# What to work on:
Reproduce word for word, from the entries below, the line with "Clean Water / Kenya", the line with "BLINDNESS: Join us", and every line between them, and nothing more.

# Data for this task:
#####

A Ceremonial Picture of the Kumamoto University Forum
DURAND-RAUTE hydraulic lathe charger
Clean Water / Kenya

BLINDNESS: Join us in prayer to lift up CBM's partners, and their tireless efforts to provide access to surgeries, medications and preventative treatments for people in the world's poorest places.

#####

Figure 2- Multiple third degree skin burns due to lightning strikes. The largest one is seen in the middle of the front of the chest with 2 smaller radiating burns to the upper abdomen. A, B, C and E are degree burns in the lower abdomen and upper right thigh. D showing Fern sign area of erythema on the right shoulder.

#####

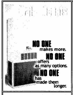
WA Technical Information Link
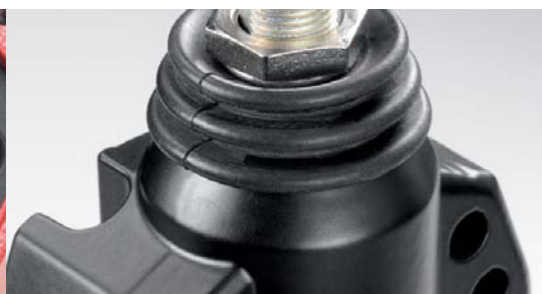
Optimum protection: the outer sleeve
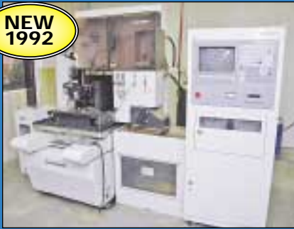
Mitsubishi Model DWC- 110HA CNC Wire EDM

#####

# The answer:
Clean Water / Kenya

BLINDNESS: Join us in prayer to lift up CBM's partners, and their tireless efforts to provide access to surgeries, medications and preventative treatments for people in the world's poorest places.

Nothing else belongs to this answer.